Neste texto, e em outros parágrafos do documento (nn. 83-87, 470-475), há uma antecipação dos ensinamentos do Papa Francisco contidos em sua encíclica sócio-ambiental Laudato si e dos temas tratados na Assembleia especial do Sínodo dos Bispos para a região amazônica sobre o tema “Amazônia: Novos caminhos para a Igreja e para uma ecologia integral”. No cuidado da casa comum vemos que Bergoglio cooperou com Aparecida e que Aparecida coopera com Francisco.
No precioso parágrafo acima mencionado, gostaria de chamar a atenção apenas para a frase “Sora nostra madre terra”. Estava já presente no projeto do segundo esboço desse documento. Uma dos mais de 2.400 modos ou propostas de modificação que chegaram à Comissão pediam que a frase fosse eliminada, porque, dizia, continha uma ideologia indígena ecologista, hostil à Igreja Católica, que idolatrava a mãe terra na figura da Pachamama. A comissão rejeitou o modus apresentado por um prelado latino-americano e decidiu colocar em nota a fonte da frase entre aspas. Portanto, a nota de rodapé 58 do documento diz: “Francisco de Assis, Cântico do Irmão Sol, versículo 20″.

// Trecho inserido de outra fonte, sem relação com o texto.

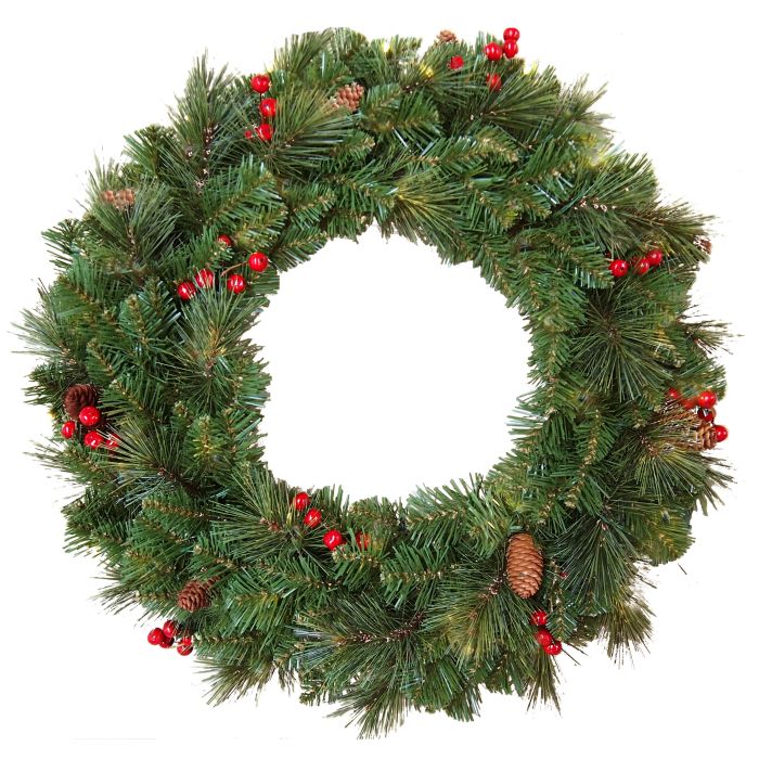 La corona artificial BUKAREST está decorada con grosellas rojas y piñas. Las ramas de agujas artificiales de color verde son plegables y pueden doblarse individualmente para darles forma.

Lembro-me deste episódio pouco conhecido, que aconteceu há doze anos, porque na fase de preparação do sínodo sobre a Amazônia, foram ditas e lidas afirmações semelhantes às do modus citado pelos prelados que questionavam os parágrafos do Instrumentum laboris sobre a mãe terra (nn. 17 e 84). Então me perguntei se esses detratores, devido a uma inexplicável falta de cultura cristã, ignoraram o Cântico ou o iludiam em sua dialética ofensiva. Durante o sínodo, no qual participei como perito, pensei muito sobre o conteúdo dessa expressão franciscana. O documento final não menciona o Cântico e se refere a São Francisco somente no número 17 como “exemplo de conversão integral vivida com alegria e alegria cristã”, sem mencionar que foi nomeado patrono da assembléia. Em vez disso, ele faz duas referências à mãe terra na busca de uma ecologia integral (nn. 25 e 101).
Desejo recordar aqui a bonita estrofe, porque ilustra a sabedoria cristã no que diz respeito à terra.
“Louvado sejas, meu Senhor, pela nossa mãe Terra,
que nos apoia e governa,
e produz diversos frutos com coloridas flores e ervas.”
A oitava estrofe do Cântico é mencionada pelo Papa Francisco no início da Laudato si porque liga familiarmente o ser humano à terra. A nossa casa comum é como uma irmã, com quem partilhamos a nossa existência, e como uma bela mãe que nos acolhe nos seus braços. Na poesia do Pobrezinho ouvimos o eco do canto dos três jovens mártires que louvavam a Deus pelas suas maravilhas, narrado em um fragmento do livro de Daniel, conservado em traduções gregas (cf. Dn 3, 53-90). Este hino de bênção é fonte de inspiração para o cântico de São Francisco. Em dois versículos desse texto bíblico lemos: “Abençoa a terra, o Senhor, louvai-o e exaltai-o ao longo dos séculos” (v. 74). A terra participa no coro de todas as criaturas que, através da voz humana, louvam o Criador. Ela contém todos os seus frutos: “Abençoai, todas as criaturas que germinam na terra, o Senhor” (v. 76).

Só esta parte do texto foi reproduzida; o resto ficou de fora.